GIVEN RECORDS:
= Beginning of Section =

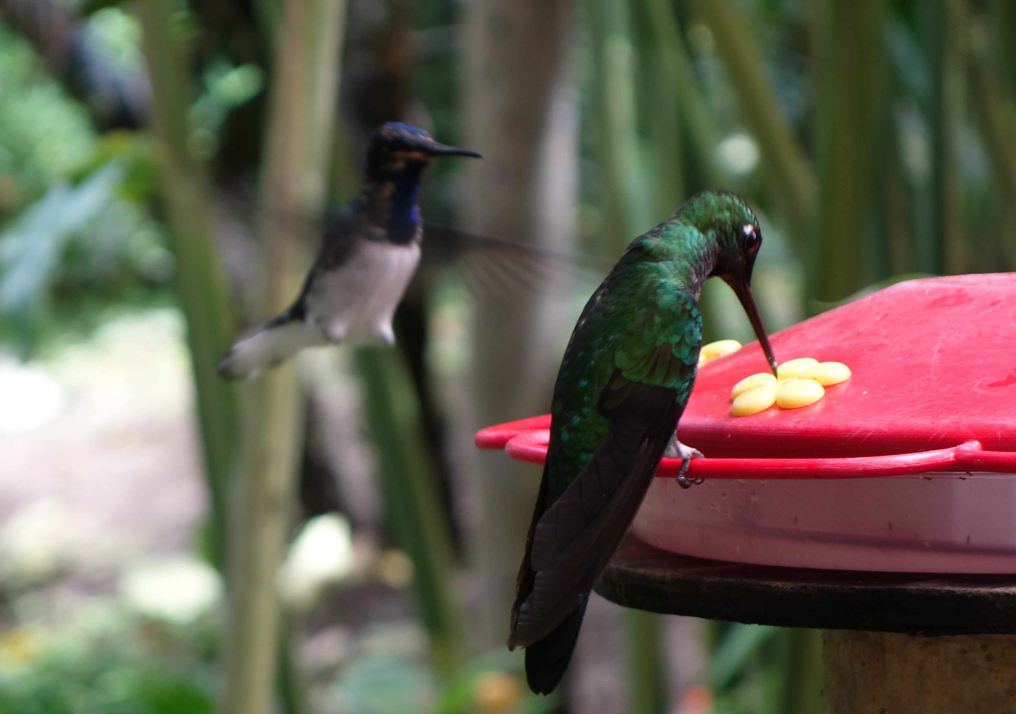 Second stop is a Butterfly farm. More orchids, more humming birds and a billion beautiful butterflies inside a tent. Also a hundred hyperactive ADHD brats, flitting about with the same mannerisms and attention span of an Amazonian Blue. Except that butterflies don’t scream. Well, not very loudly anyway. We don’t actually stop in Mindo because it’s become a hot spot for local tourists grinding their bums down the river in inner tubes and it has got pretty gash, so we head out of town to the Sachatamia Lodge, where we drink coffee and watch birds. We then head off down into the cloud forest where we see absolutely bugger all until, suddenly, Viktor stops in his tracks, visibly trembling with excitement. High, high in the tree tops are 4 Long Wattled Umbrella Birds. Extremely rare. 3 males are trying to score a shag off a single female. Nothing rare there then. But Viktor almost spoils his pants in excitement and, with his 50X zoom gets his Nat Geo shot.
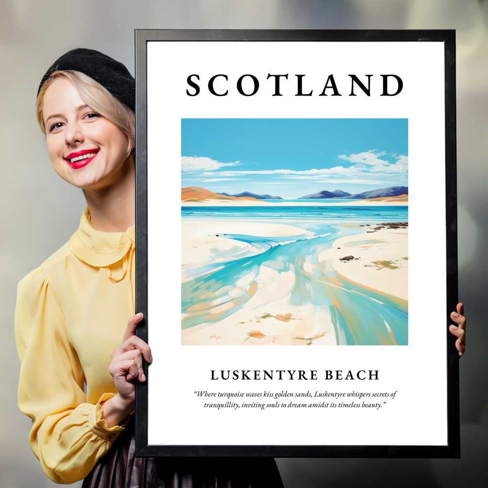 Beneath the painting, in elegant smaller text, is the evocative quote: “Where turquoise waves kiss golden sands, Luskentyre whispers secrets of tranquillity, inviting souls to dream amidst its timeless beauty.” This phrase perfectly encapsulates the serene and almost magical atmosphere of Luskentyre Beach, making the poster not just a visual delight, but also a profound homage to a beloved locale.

= End of Section =
= Beginning of Section =

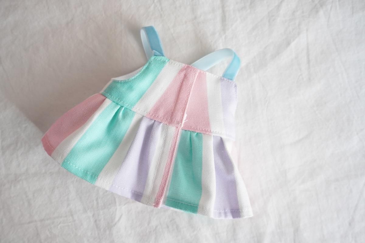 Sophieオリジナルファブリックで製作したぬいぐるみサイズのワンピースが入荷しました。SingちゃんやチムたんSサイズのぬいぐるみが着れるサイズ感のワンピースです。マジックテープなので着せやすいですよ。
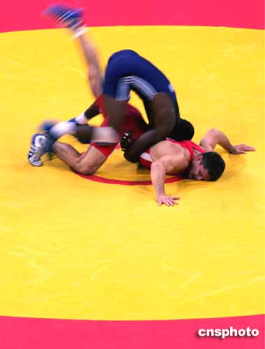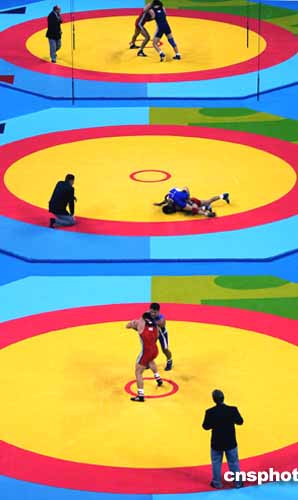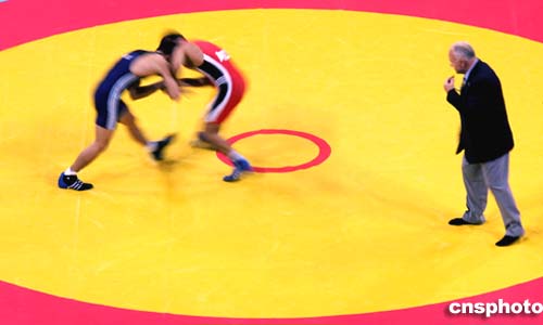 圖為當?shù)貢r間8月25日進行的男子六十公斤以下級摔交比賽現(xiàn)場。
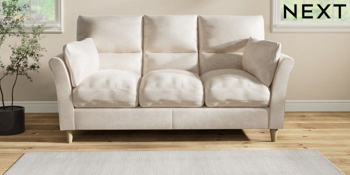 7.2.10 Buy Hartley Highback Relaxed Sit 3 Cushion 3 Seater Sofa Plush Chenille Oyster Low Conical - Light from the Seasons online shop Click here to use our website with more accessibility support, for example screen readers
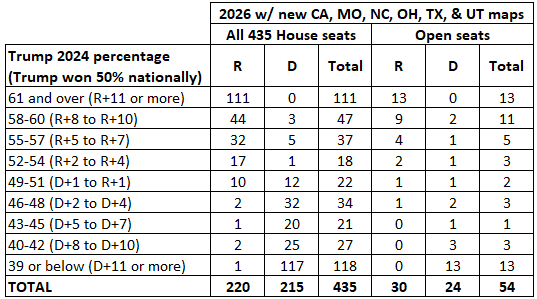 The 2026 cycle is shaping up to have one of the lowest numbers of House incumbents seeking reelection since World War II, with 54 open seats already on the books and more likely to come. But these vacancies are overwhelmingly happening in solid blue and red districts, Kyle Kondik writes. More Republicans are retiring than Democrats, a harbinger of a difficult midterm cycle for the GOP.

= End of Section =
= Beginning of Section =

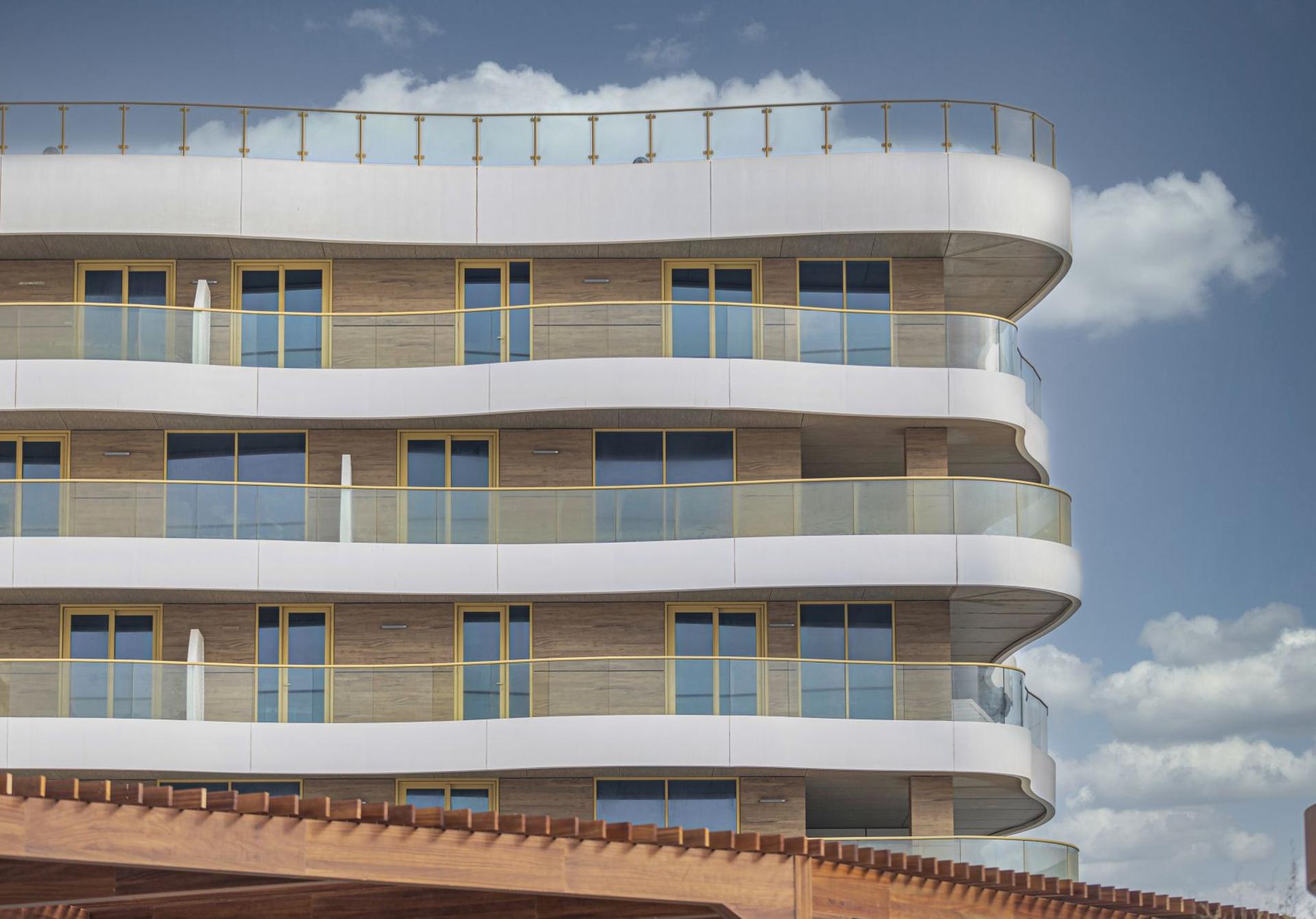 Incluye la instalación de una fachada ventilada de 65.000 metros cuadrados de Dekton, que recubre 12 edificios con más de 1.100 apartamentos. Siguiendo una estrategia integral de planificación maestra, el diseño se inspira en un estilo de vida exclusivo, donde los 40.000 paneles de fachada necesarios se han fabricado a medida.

= End of Section =

WHAT IS REQUIRED: Exactly the lines above, from the one containing "Second stop is" down to the one containing "Beneath the painting, in", are to be repeated, including both ends. Pictures are not part of the copy.

TASK OUTPUT:
 Second stop is a Butterfly farm. More orchids, more humming birds and a billion beautiful butterflies inside a tent. Also a hundred hyperactive ADHD brats, flitting about with the same mannerisms and attention span of an Amazonian Blue. Except that butterflies don’t scream. Well, not very loudly anyway. We don’t actually stop in Mindo because it’s become a hot spot for local tourists grinding their bums down the river in inner tubes and it has got pretty gash, so we head out of town to the Sachatamia Lodge, where we drink coffee and watch birds. We then head off down into the cloud forest where we see absolutely bugger all until, suddenly, Viktor stops in his tracks, visibly trembling with excitement. High, high in the tree tops are 4 Long Wattled Umbrella Birds. Extremely rare. 3 males are trying to score a shag off a single female. Nothing rare there then. But Viktor almost spoils his pants in excitement and, with his 50X zoom gets his Nat Geo shot.
 Beneath the painting, in elegant smaller text, is the evocative quote: “Where turquoise waves kiss golden sands, Luskentyre whispers secrets of tranquillity, inviting souls to dream amidst its timeless beauty.” This phrase perfectly encapsulates the serene and almost magical atmosphere of Luskentyre Beach, making the poster not just a visual delight, but also a profound homage to a beloved locale.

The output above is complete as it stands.